ABOUT // ALMIGHTY

A causal event engine, not a simulation framework.

Almighty was created at the Special Competitive Studies Project (SCSP) hackathon by Shane Morris, Devin Hill, and Alex Curnow. It is now engineered, deployed, and supported by Dynamo Technologies as a defense-grade wargaming, exercise control, and live-fire training platform.

◆ ORIGIN ◆

Built at the SCSP hackathon. Operated by Dynamo.

Created atSCSP Hackathon
FoundersShane Morris
Devin Hill
Alex Curnow
EnginePyRapide
Edge variantGoRapide
HardeningACTA · SCAP · STIG
ReadinessTRL-9
PostureUNCLASSIFIED // DEMO
OperatorDynamo Technologies

Almighty did not exist as a Dynamo product before the Special Competitive Studies Project (SCSP) hackathon. It was built there, in a single working session, by Shane Morris, Devin Hill, and Alex Curnow — to answer a question exercise controllers and white cell operators kept asking about every wargame and live-fire rotation: not what happened, but why it happened in that order.
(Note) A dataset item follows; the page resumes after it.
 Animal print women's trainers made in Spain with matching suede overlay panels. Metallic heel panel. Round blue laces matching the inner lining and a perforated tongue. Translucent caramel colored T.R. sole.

The kernel is a tenant- and scenario-namespaced wrapper around PyRapide, the Python implementation of Stanford's RAPIDE causal event architecture. Every event lands in a directed acyclic graph (DAG) with its causal predecessors recorded — a sensor return, the electronic warfare cone that triggered it, the commander order that authorized response. Reading the graph gives the white cell the chain of decision, not a timeline of outcomes.
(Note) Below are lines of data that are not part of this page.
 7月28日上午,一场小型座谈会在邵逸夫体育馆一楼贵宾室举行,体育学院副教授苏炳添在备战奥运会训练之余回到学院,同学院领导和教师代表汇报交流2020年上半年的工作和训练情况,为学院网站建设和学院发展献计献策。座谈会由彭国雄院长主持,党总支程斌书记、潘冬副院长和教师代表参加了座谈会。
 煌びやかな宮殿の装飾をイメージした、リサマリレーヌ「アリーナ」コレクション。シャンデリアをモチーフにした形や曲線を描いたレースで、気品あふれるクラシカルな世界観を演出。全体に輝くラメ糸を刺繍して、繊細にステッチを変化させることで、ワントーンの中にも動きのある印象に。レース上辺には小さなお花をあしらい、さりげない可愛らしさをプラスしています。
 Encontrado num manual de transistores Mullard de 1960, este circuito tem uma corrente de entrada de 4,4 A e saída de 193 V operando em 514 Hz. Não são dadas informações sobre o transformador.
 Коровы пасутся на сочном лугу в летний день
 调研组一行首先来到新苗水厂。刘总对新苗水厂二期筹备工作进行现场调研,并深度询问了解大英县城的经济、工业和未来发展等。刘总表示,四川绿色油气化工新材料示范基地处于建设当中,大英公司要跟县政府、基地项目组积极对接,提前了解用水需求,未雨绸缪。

CrewAI agents — blue battalion, red Opposing Forces (OpFor), and the white cell adjudicator — use the native PyRapide connector to adapt and react to those DAGs in real time. As the kernel commits new events, agents consume the updated causal graph immediately and reorder their next moves against it. Officer interfaces validate every action against capability profiles before commit. The override gateway sits between agents and the DAG with three policy scopes; the white cell retains authority over everything irreversible.
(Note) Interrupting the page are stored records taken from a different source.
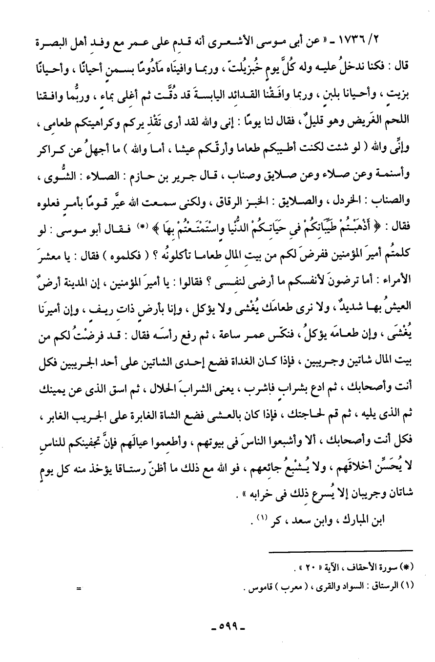 2/ 1736 - "عن أَبى موسى الأشعرى أنه قدِم على عمر مع وفدِ أهل البصرة قال: فكنا ندخلُ عليه وله كُلَّ يومٍ خُبز يُلتّ، وربما وافينَاه مَأدُومًا بسمنٍ أحيانًا، وأحيانًا بزيتٍ، وأحيانا بلبنٍ، وربما وافَقْنا القدائِد اليابسةَ قد دُقَّت ثم أغِلى بماءٍ، وربُّما وافقنا اللحم الغَريض وهو قليلٌ، فقال لنا يومًا: إنى واللَّه لقد أرى تَقْذِيركم وكراهيتكم طعامِى، وإنِّى واللَّه (لو شئت لكنت أطيبكم طعاما وأرقّكم عيشا، أما واللَّه) ما أجهلُ عن كراكر وأسنمة وعن صلاء وعن صلايق وصناب، قال جرير بن حازم: الصلاء: الشُّوى، والصناب: الخردل، والصلايق: الخبز الرقاق، ولكنى سمعت اللَّه عيَّر قومًا بأمرٍ فعلوه فقال: {أَذْهَبْتُمْ طَيِّبَاتِكُمْ فِى حَيَاتِكُمُ الدُّنْيَا وَاسْتَمْتَعْتُمْ بِهَا} (*) فقال أبو موسى: لو كلمتُم أميرَ المؤمنين ففرضَ لكم من بيتِ المالِ طعاما تأكلونُه؟ (فكلموه) فقال: يا معشرَ الأمراء: أما ترضونَ لأنفسكم ما أرضى لنفِسى؟ فقالوا: يا أميرَ المؤمنين، إن المدينة أرضٌ العيشُ بها شديدٌ، ولا نرى طعامَك يُغْشى ولا يؤكل، وإنا بأرضٍ ذاتِ ريفٍ، وإن أميرَنا يُغْشَى، وإن طعامَه يؤكلُ، فنكّس عمر ساعة، ثم رفع رأسَه فقال: قد فرضت لكم من بيت المال شاتين وجريبين، فإذا كان الغداة فضع إحدى الشاتين على أحد الجريبين فكل أنت وأصحابك، ثم ادع بشرابٍ فاشرب، يعنى الشرابَ الحلال، ثم اسق الذى عن يمينك ثم الذى يليه، ثم قم لحاجتك، فإذا كان بالعشى فضع الشاة الغابرة على الجريب الغابر، فكل أنت وأصحابك، ألا وأشبعوا النَّاسَ في بيوتهم، وأطعِموا عيالَهم فإنَّ تجفينكم للناسِ لا يحَسِّن أخلاقَهم، ولا يُشْبع جائِعهم، فواللَّه مع ذلك ما أظنّ رستاقا يؤخذ منه كل يومٍ شاتان وجريبان إلا يُسرع ذلك في خرابه".
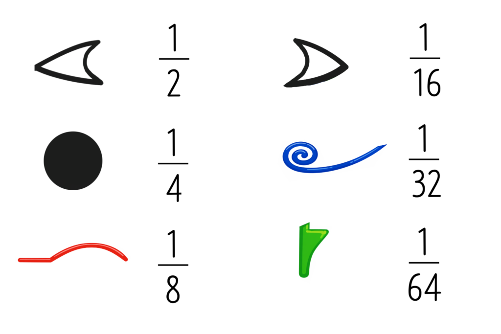 거의 1이 되지만 1/64모자랍니다. 이집트인들은 이 모자란 부분을 신의 마법으로 채워졌다고 믿었습니다. 이 체계를 활용하여 당시의 이집트 사람들은 복잡한 숫자대신 눈이 부분 기호를 조합하여 장부에 기록하며, 곡물을 관리했다고 합니다.
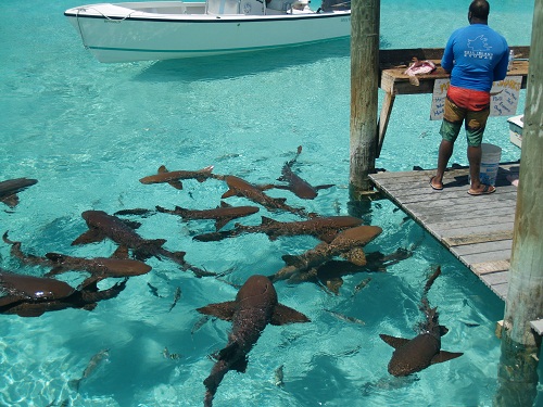 One of the highlights of the island is the large family of “tame” nurse sharks that hang around the docks. As the fisherman clean their catch, the sharks show up from all around for handouts. Nurse sharks are quite harmless and don’t have sharp teeth like other sharks. They actually encourage you to jump in and swim with the sharks. Not sure I have the nerve to do that. The largest of the sharks were about 8′ long. That’s a lot of shark.
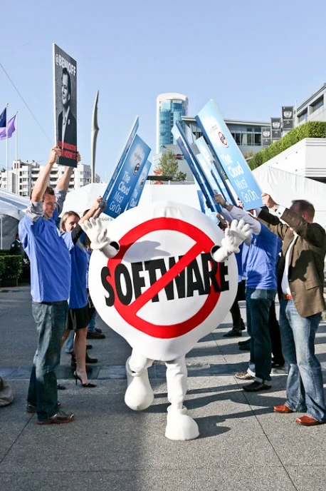 ‘No More Software’ 구호로 만든 뱃지를 만들어서 늘 하고 다니며 자신의 앞선 생각을 제시했습니다.
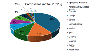 1. attēls. KUREKSS pārdošanas rādītāju sadalījums pa valstīm 2022. gadā14
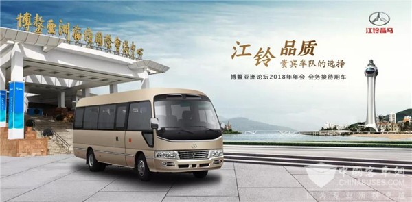 众所周知,博鳌亚洲论坛是中国连接世界的重要窗口,是亚洲国家年度盛会。服务论坛不仅是一项光荣的专项工作,且容不得丁点闪失。如果车辆在服务过程中发生故障,不仅将可能影响到活动的正常进行,而且会造成极为不利的影响,为此必须确保万无一失。江铃晶马汽车作为中国品牌客车企业的一员,能够为论坛提供服务用车,是江铃晶马的荣幸,更意味着一种责任。江铃晶马将鼎力服务本届论坛,以优质的产品、可靠的性能、良好的乘坐体验和完善的服务保障,完成博鳌亚洲论坛的交通运输服务保障工作。
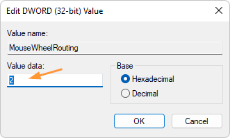 HKEY_CURRENT_USER\Control Panel\Desktop。查找名为 的 32 位 DWORD 值鼠标滚轮路由,然后双击进行修改。
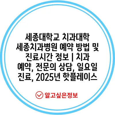 세종대학교 치과대학 세종치과병원 예약 방법 및 진료시간 정보 | 치과 예약, 전문의 상담, 일요일 진료, 2025년 핫플레이스
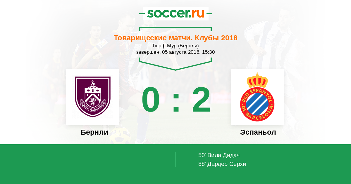 Протокол матча Бернли против Эспаньол

Almighty does not replace the human in the loop. It clarifies what the human is in the loop for.

◆ PRINCIPLES ◆

Six design choices that shape every release.

  • 01

    Causality, not timeline

    Every event records its causal predecessors. A timeline tells you what happened in order; the directed acyclic graph (DAG) tells you why each step was the consequence of the steps before it.

  • 02

    Default to review

    An empty override policy table means everything pauses for white cell decision. Automation is a posture, not an assumption.

  • 03

    Hard tenant isolation

    PyRapide Posets are partitioned per (tenant_id, scenario_id). No read path can return events from outside the namespace.

  • 04

    Capability-bound officers

    Sensor, Effector, Mover, Communicator, and Commander interfaces validate every action against an immutable capability profile before commit.

  • 05

    TRL-9 posture

    Almighty is fielded at Technology Readiness Level 9 posture: SCAP- and STIG-hardened images, scanner-clean against grype, trivy, and anchore, with ACTA-generated XML and YAML artifacts ready for ATO and continuous ATO (cATO) pipelines.

  • 06

    Forward-deployable by default

    Single-binary GoRapide variant, air-gap-ready offline feed cache, ACTA-generated Authority To Operate (ATO) artifacts on every container image.

◆ PROVENANCE ◆

Upstream, downstream, and the hardening pipeline.

PyRapide is upstream at github.com/ShaneDolphin/pyrapide. The Almighty kernel layers tenant and scenario namespacing on top. ACTA is the Authority To Operate (ATO) readiness tool that hardens every Almighty container image — SCAP- and STIG-compliant, scanner-clean against grype, trivy, and anchore — and emits machine-generated XML and YAML artifacts (POA&M, STIG CKL, NIST 800-53 control assessments) consumable by any continuous ATO (cATO) CI/CD pipeline. GoRapide is the Go reimplementation for environments where Python is not viable.